After running the conversion again, you should now see that sub-0005
and sub-0006
have fieldmap images in addition to their functional scans:
├── sub-0005
│ ├── fmap
│ │ ├── sub-0005_dir-RL_epi.json
│ │ └── sub-0005_dir-RL_epi.nii.gz
│ └── func
│ ├── sub-0005_task-rest_bold.json
│ └── sub-0005_task-rest_bold.nii.gz
├── sub-0006
│ ├── fmap
│ │ ├── sub-0006_dir-LR_epi.json
│ │ └── sub-0006_dir-LR_epi.nii.gz
│ └── func
│ ├── sub-0006_task-rest_bold.json
│ └── sub-0006_task-rest_bold.nii.gz
Great! However, this BIDS directory is not finished quite yet - next we will use the BIDS validator tool to detect the problems with our BIDS directory.
BIDS Validation¶
Running the bids_validate command¶
Use the bids_validate
command without the -submit
flag to check your execution plan:
bids_validate -config_file clpipe_config.json
sbatch --no-requeue -n 1 --mem=3000 --time=1:0:0 --cpus-per-task=1 --job-name="BIDSValidator" --output=<your system's path>/clpipe_tutorial_project/Output-BIDSValidator-jobid-%j.out --wrap="singularity run --cleanenv -B /proj,/pine,/nas02,/nas <your validation image path>/validator.simg <your system's path>/clpipe_tutorial_project/data_BIDS"
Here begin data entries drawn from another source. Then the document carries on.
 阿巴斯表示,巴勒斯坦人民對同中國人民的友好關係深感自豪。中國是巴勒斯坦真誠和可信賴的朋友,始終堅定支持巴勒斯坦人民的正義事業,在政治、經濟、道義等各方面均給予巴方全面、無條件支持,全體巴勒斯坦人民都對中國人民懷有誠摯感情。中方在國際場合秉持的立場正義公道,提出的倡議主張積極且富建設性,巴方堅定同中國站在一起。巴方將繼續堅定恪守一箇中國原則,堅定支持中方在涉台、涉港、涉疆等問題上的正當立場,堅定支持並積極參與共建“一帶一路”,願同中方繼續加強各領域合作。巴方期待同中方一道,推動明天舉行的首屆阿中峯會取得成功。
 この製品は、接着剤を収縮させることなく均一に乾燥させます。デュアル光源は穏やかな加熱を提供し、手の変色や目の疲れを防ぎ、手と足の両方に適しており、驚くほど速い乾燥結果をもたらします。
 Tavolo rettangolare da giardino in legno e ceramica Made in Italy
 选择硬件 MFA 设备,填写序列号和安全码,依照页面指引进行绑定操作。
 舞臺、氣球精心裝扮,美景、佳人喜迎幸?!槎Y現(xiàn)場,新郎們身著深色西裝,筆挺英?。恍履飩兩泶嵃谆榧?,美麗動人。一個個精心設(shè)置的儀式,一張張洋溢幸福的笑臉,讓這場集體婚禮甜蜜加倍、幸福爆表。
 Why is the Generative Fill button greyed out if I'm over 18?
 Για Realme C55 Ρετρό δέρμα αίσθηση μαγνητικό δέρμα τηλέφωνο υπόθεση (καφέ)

If you are happy with the submission plan, add the submit flag:
bids_validate -config_file clpipe_config.json -submit
Interpreting & Fixing the Validation Results¶
You should see the output of your validation at the root of your project directory, like this (it really should end up in the logs folder - we’re working on it!):
├── analyses
├── clpipe_config.json
├── conversion_config.json
├── data_BIDS
├── data_DICOMs
├── data_fmriprep
├── data_GLMPrep
├── data_onsets
├── data_postproc
├── data_ROI_ts
├── glm_config.json
├── l1_feat_folders
├── l1_fsfs
├── l2_fsfs
├── l2_gfeat_folders
├── l2_sublist.csv
├── logs
├── Output-BIDSValidator-jobid-41362508.out
Now open this file - there will be two types of issues, [ERR]
for errors and [WARN]
for warnings. The errors must be resolved for the dataset to be considered a valid BIDS dataset. Warnings are important to review for insight into further potential problems in the data, but do not invalidate your dataset.
Note: fMRIPrep runs BIDS validation again before it starts processing, and will not start if the dataset contains any errors!
Error #1¶
Let’s start with the first error:
[31m1: [ERR] Files with such naming scheme are not part of BIDS specification...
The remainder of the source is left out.